Dorian Lynskey’s Everything Must Go is a fascinating tour through humanity’s long obsession with the end of the world. Part literary history, part cultural criticism, and part catalog of catastrophe, the book explores how people have imagined apocalypse across centuries of novels, films, religious movements, political ideologies, and scientific speculation.
The scope of Lynskey’s research is astonishing. He moves effortlessly from the Book of Revelation to nuclear war fiction, from H.G. Wells and Mary Shelley to Hollywood disaster movies and modern climate-change narratives. Along the way, he introduces a seemingly endless parade of prophets, novelists, filmmakers, cult leaders, scientists, and doomsayers who have tried to explain how the world might end—and what that ending would reveal about humanity itself.
What emerges is less a history of apocalypse than a history of human fears. Every era imagines destruction in its own image. Religious societies envision divine judgment. The Cold War generated visions of nuclear annihilation. Today, environmental collapse, pandemics, artificial intelligence, and technological disruption occupy the place once held by biblical horsemen. The details change, but the fascination remains remarkably constant.
One of the book’s strengths is Lynskey’s ability to treat these visions seriously without surrendering to them. He understands that apocalyptic stories are rarely just about destruction. They are often expressions of hope, warning, wish fulfillment, or moral judgment. The end of the world becomes a way of talking about the world we currently inhabit.

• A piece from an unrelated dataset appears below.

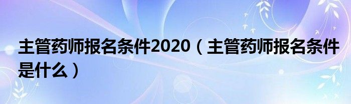 主管药师报名条件2020(主管药师报名条件是什么),麻烦给回复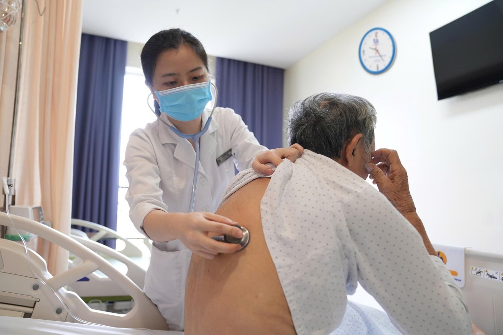 Bác sĩ khoa Nội tổng hợp khám cho một người bệnh. Ảnh: Bệnh viện Đa khoa Tâm Anh

At times, however, the book can feel almost too comprehensive. The sheer number of books, films, historical episodes, and personalities discussed occasionally creates the feeling of reading an encyclopedia of apocalypse rather than a single sustained argument. Readers looking for a strong central thesis may find themselves overwhelmed by the abundance of examples.
Yet that abundance is also the book’s achievement. Lynskey has assembled what is likely the most exhaustive survey of end-of-the-world imagination available in a single volume. Even when the discussion wanders, it remains engaging because the subject itself is so endlessly inventive.
In the end, Everything Must Go demonstrates that humanity has spent centuries imagining its own extinction. The details differ, but the impulse is universal. We seem unable to stop asking how the story ends—and what that ending might say about who we are.